Who wants to be a 401(k) millionaire?

Fidelity Investments reported that the number of 401(k) millionaires – investors with 401(k) account balances of $1 million or more – reached 233,000 at the end of the fourth quarter of 2019, a 16% increase from the 200,000 count in the third quarter and an increase of more than 1000% from the 2009 count of 21,000. Joining the ranks of the 401(k) millionaires is actually quite achievable, but you need to be consistent, patient, and appropriate in your investment choices.

Key learning points

  • Start contributing to a 401(k) plan as early as possible.
  • Contribute regularly and at the appropriate level.
  • Be hands-on in terms of your investments within your 401(k), and don’t be afraid to take risks, especially when you’re young.

Consistent and sufficient contributions

Becoming a 401(k) millionaire comes slowly, similar to training to run a long-distance race. When you first become eligible to contribute to a 401(k) plan, contribute as much as you can. If your employer offers a match, contribute enough to earn the full match. Failure to do so will leave free money on the table.

The key is to start early.
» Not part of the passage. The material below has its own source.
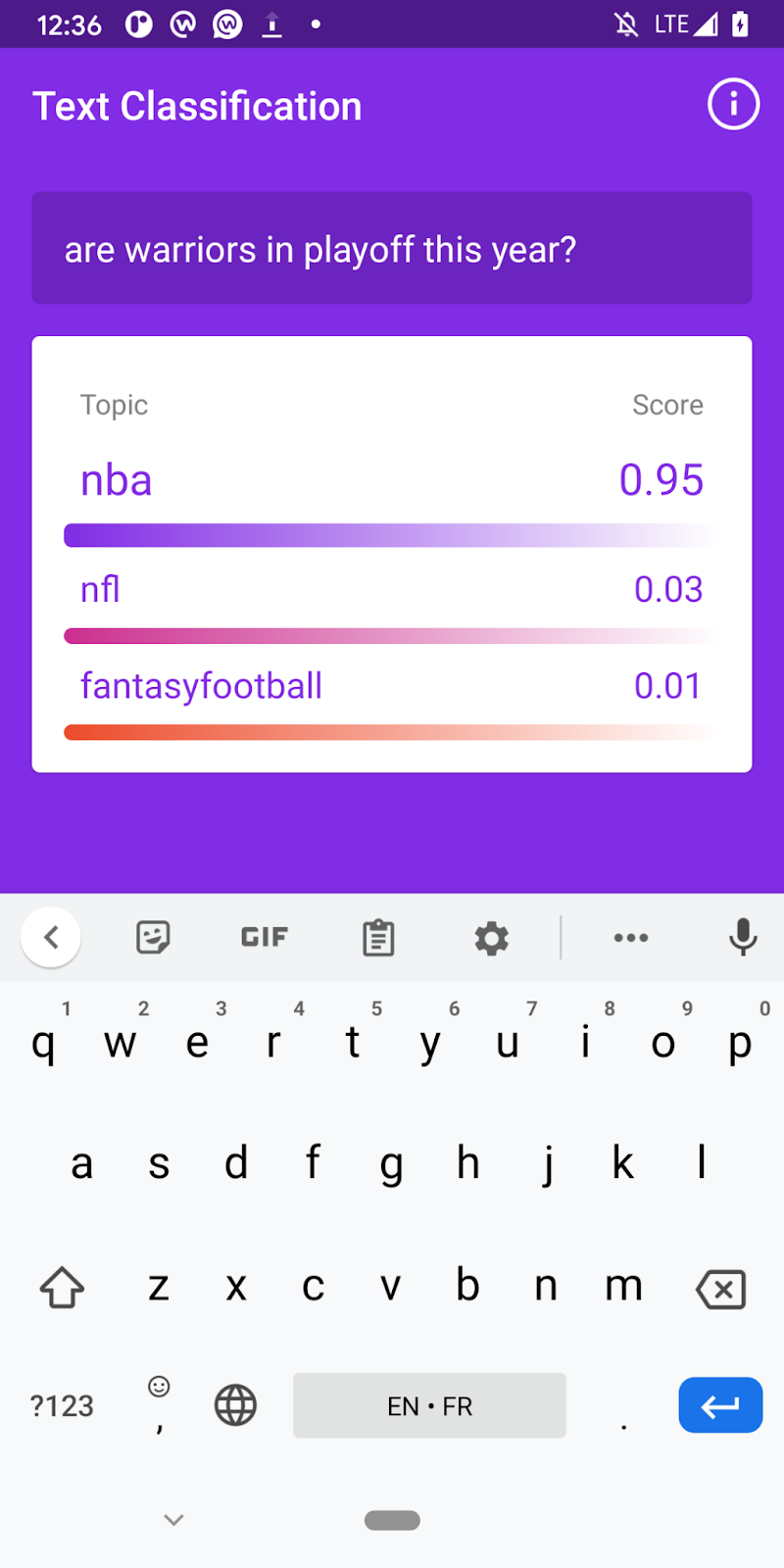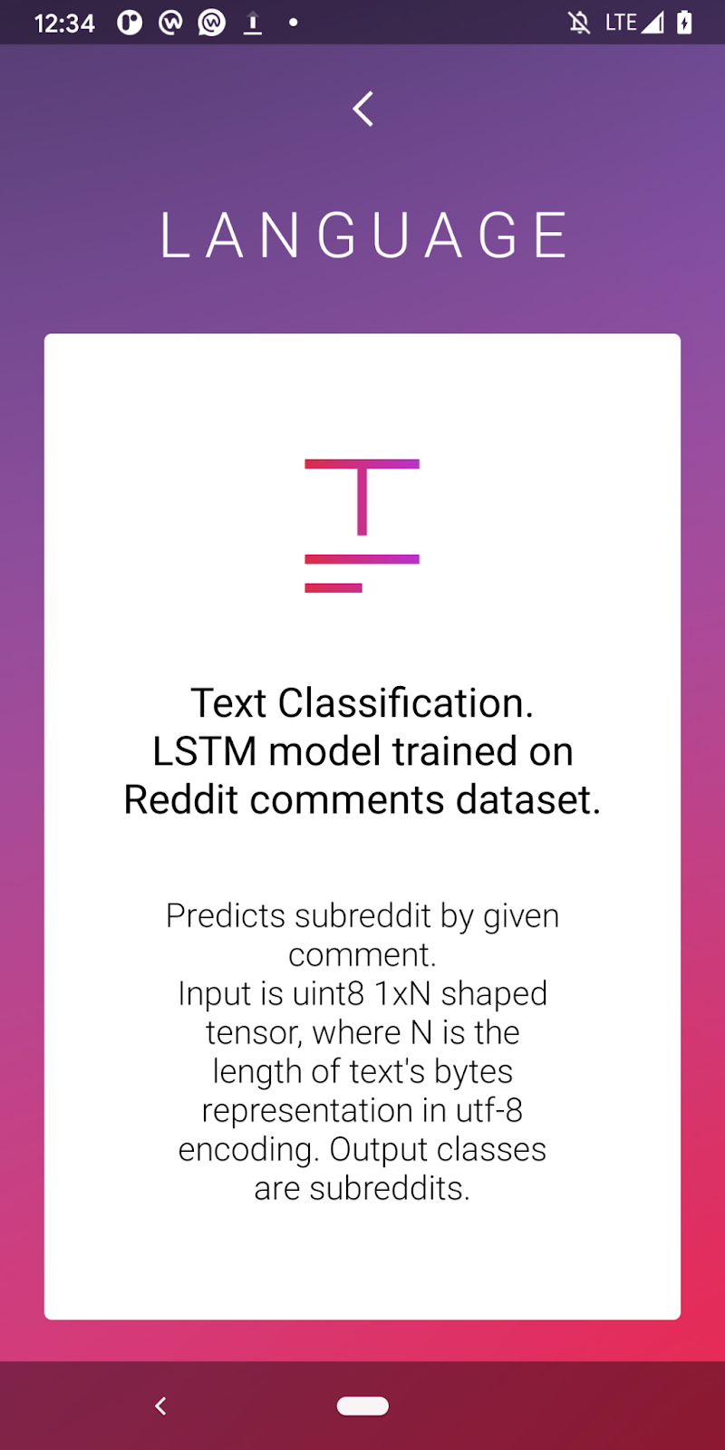 This app demonstrates how to use a pre-trained Reddit model to perform text classification.
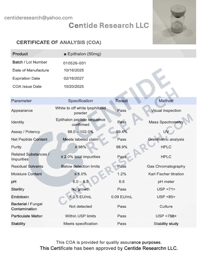 CAS Number: 307297-39-8 Description: Epithalon (also known as Epitalon) is a synthetic tetra-peptide derived from a naturally occurring compound produced by the pineal gland. It is studied for its potential effects on telomerase activation, cellular longevity, and regulation of the circadian rhythm. Research explores its role in age-related biology, oxidative stress resistance, and mitochondrial support. Disclaimer: This product is for laboratory research use only. It is not intended for human or animal consumption or for use in any diagnostic, therapeutic, or clinical applications.

Even if you can afford to contribute 3% of your salary, start now. Try increasing that to 4% or 5% the following year and every year until you approach the maximum contribution limit. For 2021, the limit is $19,500, with an additional $6,000 catch-up fee for those over 50 at any time of the year.

Invest the right way

Select your 401(k) account investments based on your financial goals, age, and risk tolerance. The general rule is that the longer you have until retirement, the more risk you can take. If you don’t take the right risk, your account won’t grow as fast as it could.

There are countless stories of plan participants in their 20s with all or a large percentage of their account in the money market or their plan’s stable value option. While these options are low risk, historically they have not performed as well as stocks in the long run.

When changing jobs, don’t ignore the 401(k) at your old employer or growth may suffer.

Don’t neglect old 401(k) accounts

If you’ve changed jobs, you’ll need to decide what to do with 401(k) accounts with old employers. You have several options: transfer the account to an individual retirement account (IRA), leave it in the old plan, or roll it over to the new employer plan.

How you transfer money from existing accounts to a new account has tax implications. Because the money contributed to a 401(k) is tax-deferred, withdrawing the money and failing to deposit it into a new tax-deferred retirement savings account within 60 days can result in taxes owed, plus an early withdrawal penalty of $10. % if you are under 59½. Instead, use an instant rollover to avoid paying taxes or penalties for the withdrawal.

The most important thing is to keep following this money. As your career progresses and you have more employers, it can be difficult to remember where all your assets are. Whatever choice you make now, you may want to consolidate them with other retirement accounts later to make your money easier to manage.

How do you become a 401(k) millionaire?

Target date funds are not a magic bullet

Target date funds are typically mutual funds with a mix of stocks, bonds and other investments. They can be a ready-made option for retirement savers as they base their aggressiveness on the target retirement date. Target date funds are often offered as a default option by plan sponsors when employees are not making their own investment choice.

Because target date funds provide you with a diversified portfolio, they can be a good option for younger investors, who may not have other investments outside of their 401(k) plan. However, since you are building diversified investments outside of your 401(k), you may want to consider adjusting your 401(k) investments to suit your overall investment situation.

One of the big selling points touted by target-date fund issuers is the sliding slope. If you are decades past retirement, the fund will hold more growth-oriented investments. As you get closer to retirement, the fund will move towards a more conservative mix of investments. Before deciding whether or not it’s right for your retirement situation, make sure you understand the glide path for any target-date fund you’re considering. And pay attention to the fees, too: Some target-date funds cost more than other good retirement options, such as index funds and ETF funds.

The value of financial advice

As you get older, the assets you manage will likely become more complex and may include your IRAs, annuities, a spouse’s retirement plan, a pension, taxable investments, and other assets. Hiring a financial advisor to help you view your current 401(k) plan in the context of these other investments can help you get the most out of your 401(k).

Many plans offer participants access to investment advice, sometimes for a fee, through their plan provider or online services. The quality of this advice varies, so do your homework ahead of time. Ask whether the advice takes into account any external investments and your overall situation.

It comes down to

Taking early and continuous action throughout your working life is essential to maximize the value of your 401(k) account and become a 401(k) millionaire. Contribute consistently, invest appropriately for your situation, don’t ignore your old 401(k) accounts, and seek advice when needed.